Quelle règle majeure donner à un chirurgien-dentiste pour qu’il établisse une prescription la moins risquée possible ?

D’abord, qu’il prescrive des médicaments sur lesquels on a un certain recul.

Pensez-vous que le dossier médical personnel sera un bon outil pour mieux prescrire ?

Oui, s’il est bien rempli. Les informations seront a priori plus complètes. Il faudrait qu’il donne les effets indésirables et qu’il permette d’éviter les interactions médicamenteuses. Mais de toute façon, il n’évitera pas le questionnaire de santé, indispensable.

Les chirurgiens-dentistes prescrivent-ils toujours trop d’antibiotiques ?

L’antibiotique a parfois été plus utilisé pour rassurer le praticien que par nécessité médicale. On parlait alors d’antibiotique de couverture. Le terme a été supprimé. Dans le cas de l’antibioprophylaxie, c’est-à-dire quand l’état général du patient nécessite la prise d’un antibiotique pour effectuer un acte, c’est pour le moment la révision de la conférence de consensus de 2005 qui guide les praticiens. Une nouvelle révision de la conférence prévue au mois de juin restreindra peut-être encore le champ de prescription. Dans le cas de l’antibiothérapie curative, les conditions de prescription sont bien déterminées.

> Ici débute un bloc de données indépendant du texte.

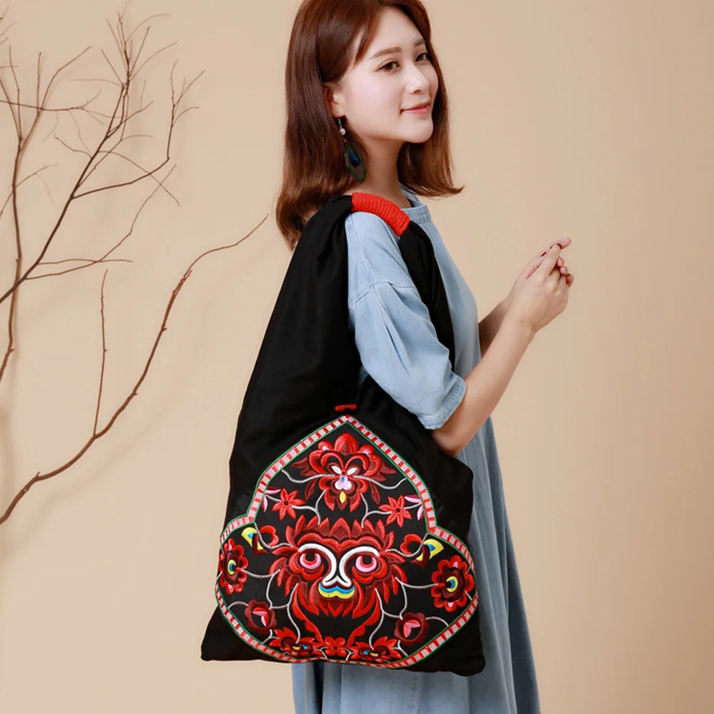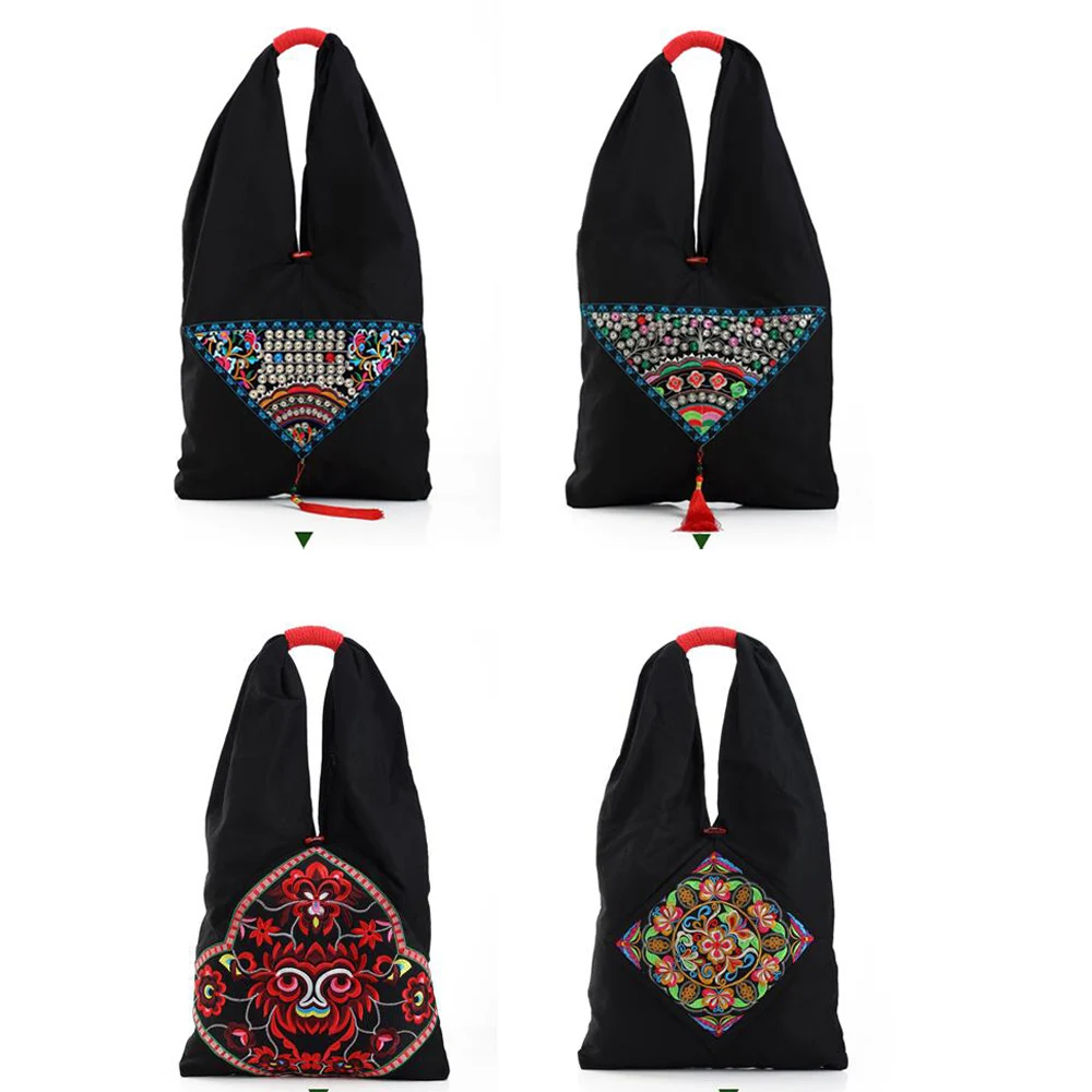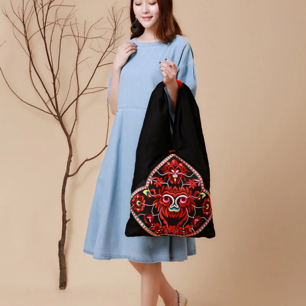 Женские сумки, этнические сумки с вышитыми цветами, Большая вместительная сумка на плечо, холщовая Ретро женская сумка, большие сумки для покупок и поездок для женщин

* Agence française de sécurité sanitaire des produits de santé.

** Mélange équimolaire d’oxygène et de protoxyde d’azote.

*** Décision de la Commission européenne du 14 juin 2010, demandant ce retrait du marché européen dans un délai de 15 mois.

**** Une mise au point de l’AFSSAPS sur la prise en charge des douleurs de l’adulte modérées à intenses a été diffusée en novembre 2010 et peut être consultée sur le site : www.afssaps.fr/infos de sécurité/mises au point.